I don’t know if you’ve ever read Robert Frost’s poem where he wrote, “Two roads diverged in a yellow wood.” It’s about the choices we make in life. He has to decide which one he’s going to take, which road am I going to take? That’s the way life is. We constantly have to take one road or the other, so you choose. Robert Frost says ,”Way leads on to way” and it’s about the various different ways you can go. I think we are responsible in that sense and yeah there are certainly many things in our lives that we don’t control. For example, we don’t control the weather, we don’t control other people, and we don’t control all kinds of things. I can walk out of here tomorrow, a brick could fall on my head, and that’s not under my control.

Q: What was your major in college and what made you want to pursue it?

A: I had a double major in English and Philosophy. I pursued English because I like literature a lot. I actually did an English writing major because I like to write. I pursued philosophy because I think philosophy is just one of the most important subjects. I think everybody should study philosophy. I think if we studied more philosophy our lives would be more enlightened. We would make decisions more carefully, and think more about what we did if we thought more about things in a philosophical way.

Q: What was the hardest part of high school for you?

A: Staying there. I hated high school.

Q: Why?

A: Because I thought it was a bunch of crap, I thought most of what we learned was useless and I didn’t see the point of it. I didn’t understand what the purpose of education was. I didn’t know why I was there and I didn’t like the atmosphere. I didn’t like that it seemed very confining and very limiting. I believed there was a lot of petty stuff in social life, and the process through which we try to figure things out about males, females, and life. It was a very confusing time for me. I hated high school. I really did.

Q: So do you understand the purpose of high school, now that you’re a teacher?
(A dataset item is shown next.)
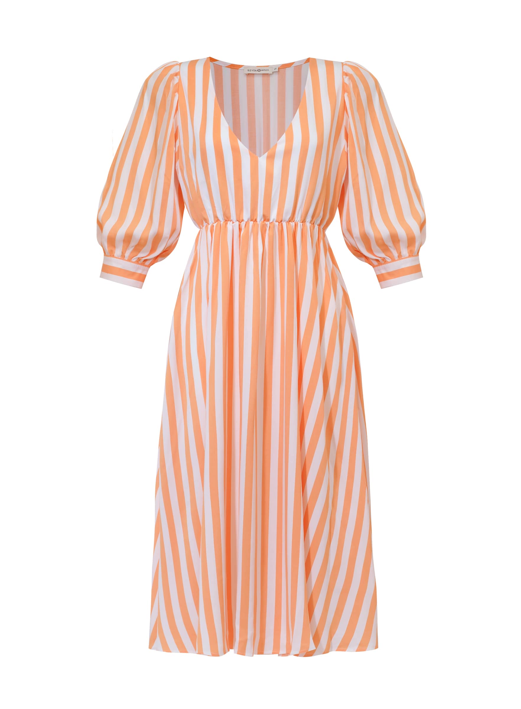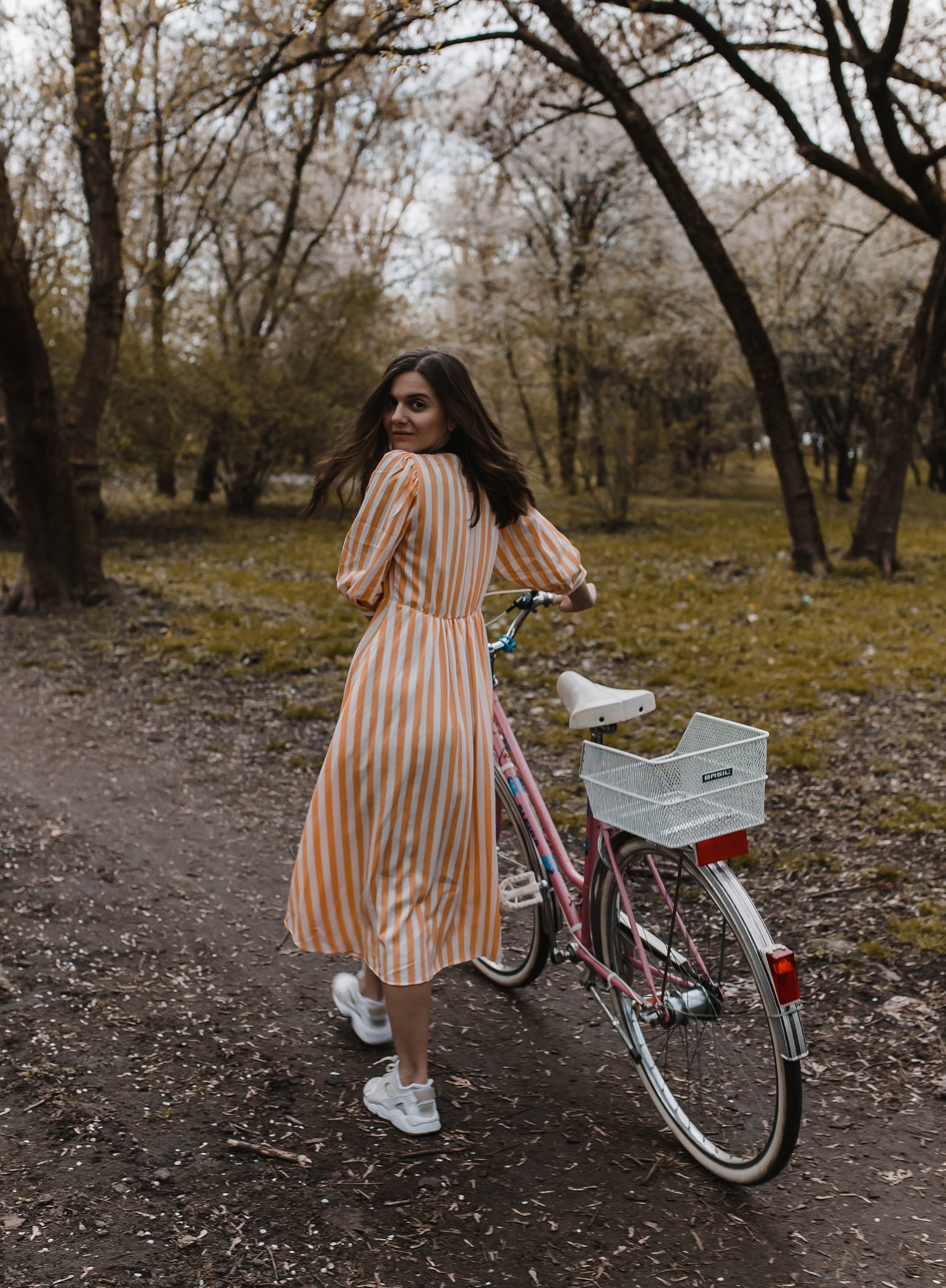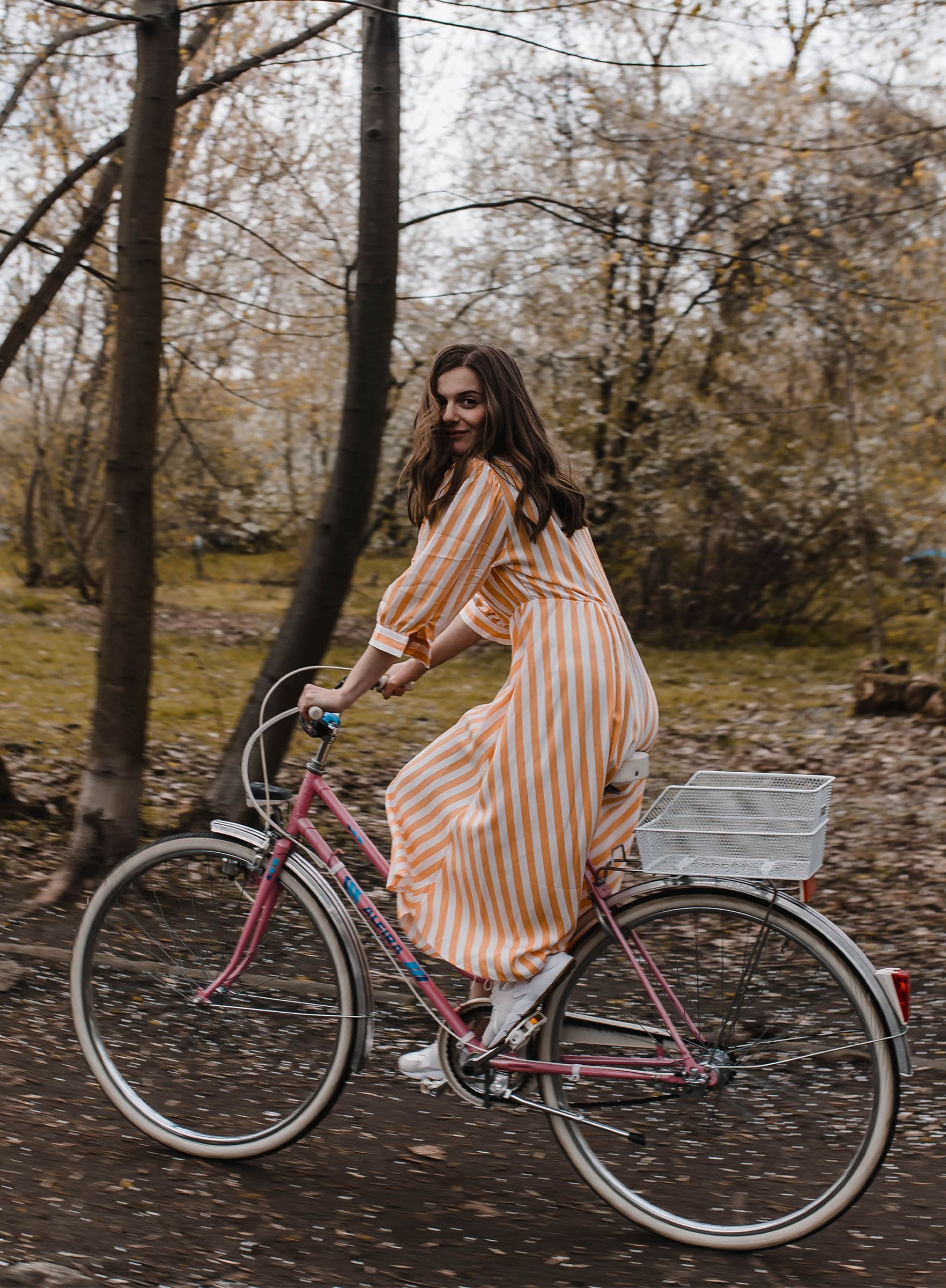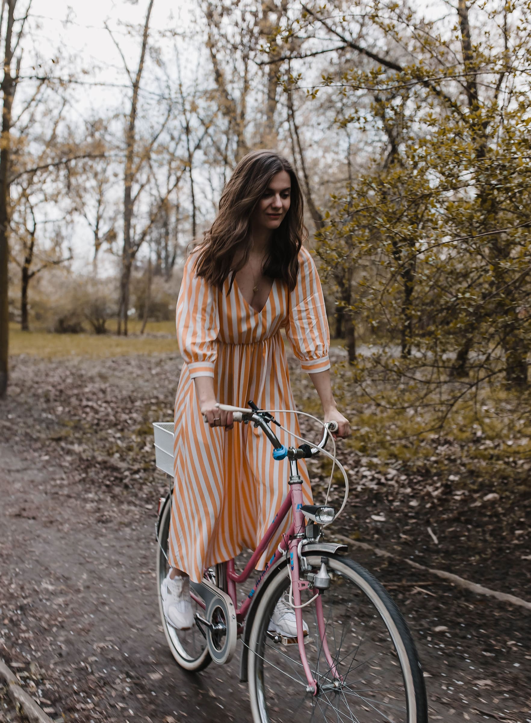 Poste rozwiązania często okazują się najlepsze. Długo rozważaliśmy jaka sukienka powinna powstać z tej tkaniny. Finalnie postawiliśmy na prostą formę, która podkreśli figurę i uwydatni pasiasty wzór. Brzoskwiniowe paski, gumka w pasie i balonowy rękawek delikatnie za łokieć. Do sandałków na obcasie na wieczór, do klasycznych birkenów na dzień.

A: Do I understand it? Not entirely. I have mixed feelings about high school. Sometimes I think high school is not such a great thing. Sometimes I feel like high school does a lot to get children to conform to certain standards that may not necessarily help them in their lives but may make them more sort of like robots. Sometimes I think that schooling in general–but particularly maybe high school–is aimed at making kids into conformists rather than individuals. I think that a lot of the whole emphasis on grades very often takes students down that road where they’re too worried about grades and not worried enough about themselves. For example, people who make moral choices are individuals who have to decide the difficult problems in life. Grades are, in my view, not that important. I don’t think they ultimately mean that much in life. I think the important things in life have to do with who you are as a person and what your values are.

Q: What do you think is the most distinctive trait of the MCSM community?

A: The most distinctive trait I think is the student body. I think the students are generally really good students, they’re nice and they’re smart. I think that’s a really distinctive thing about the school, that it has really good students.